The coefficient's formula includes $C$ – the correction for ties. This correction is used, when ties occur (if there are no ties, the correction is not calculated, because of $C=0$).

Note

$W$ – the Kendall's coefficient in a population;

$\widetilde{W}$ – the Kendall's coefficient in a sample.

The value of $W\in<0; 1>$ and it should be interpreted in the following way:

The Kendall's W coefficient of concordance vs. the Spearman coefficient:

\begin{displaymath}
\bar{r}_s=\frac{n\widetilde{W}-1}{n-1}
\end{displaymath}

The Kendall's W coefficient of concordance vs. the Friedman ANOVA:

The chi-square test of significance for the Kendall's coefficient of concordance

Basic assumptions:

Hypotheses:

\begin{array}{cl}
\mathcal{H}_0: &  W=0\\
\mathcal{H}_1: &  W\neq0
\end{array}

The test statistic is defined by: \begin{displaymath}
\chi^2=n(k-1)\widetilde{W}
\end{displaymath} This statistic asymptotically (for large sample sizes) has the Chi-square distribution with the degrees of freedom calculated according to the following formula: $df=k-1$.

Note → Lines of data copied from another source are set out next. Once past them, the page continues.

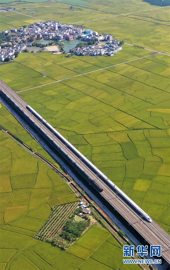 眼下,廣西賓陽(yáng)縣古辣鎮(zhèn)大面積稻田進(jìn)入收獲期,一列列南來(lái)北往的動(dòng)車從稻田間飛馳而過(guò),構(gòu)成一幅幅美麗的豐收?qǐng)D畫。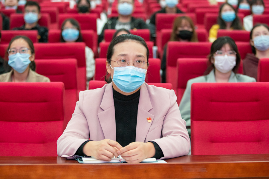 党建引领,统战融入。党委统战部常务副部长、港澳台事务办公室主任丁莉教授为国家经济社会发展所取得的巨大成绩感到无比自豪,为所肩负的历史使命和任务感到无比振奋:“要将全面深入学习贯彻党的二十大的精神作为重要政治任务,以党的二十大精神为指引,全面坚持党对统一战线工作的领导,积极完善构建我校统战工作格局,为学校高质量发展和教育教学改革凝聚人心、智慧和力量。要坚持最广泛的爱国统一战线,积极铸牢师生中华民族共同体意识,为中华民族伟大复兴贡献力量。”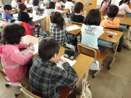 鏡で自分の顔を見ながら,画用紙に笑顔を描いています。さて,どんな笑顔でいっぱいになるでしょう。

The p-value, designated on the basis of the test statistic, is compared with the significance level $\alpha$:

\begin{array}{ccl}
$ if $ p \le \alpha & \Longrightarrow & $ reject $ \mathcal{H}_0 $ and accept $ 	\mathcal{H}_1, \\
$ if $ p > \alpha & \Longrightarrow & $ there is no reason to reject $ \mathcal{H}_0. \\
\end{array}

The settings window with the test of the Kendall's W significance can be opened in Statistics menu →NonParametric testsKendall's W or in ''Wizard''.

EXAMPLE (judges.pqs file)

In the 6.0 system, dancing pairs grades are assessed by 9 judges. The judges point for example an artistic expression. They asses dancing pairs without comparing each of them and without placing them in the particular „podium place” (they create a ranking). Let's check if the judges assessments are concordant.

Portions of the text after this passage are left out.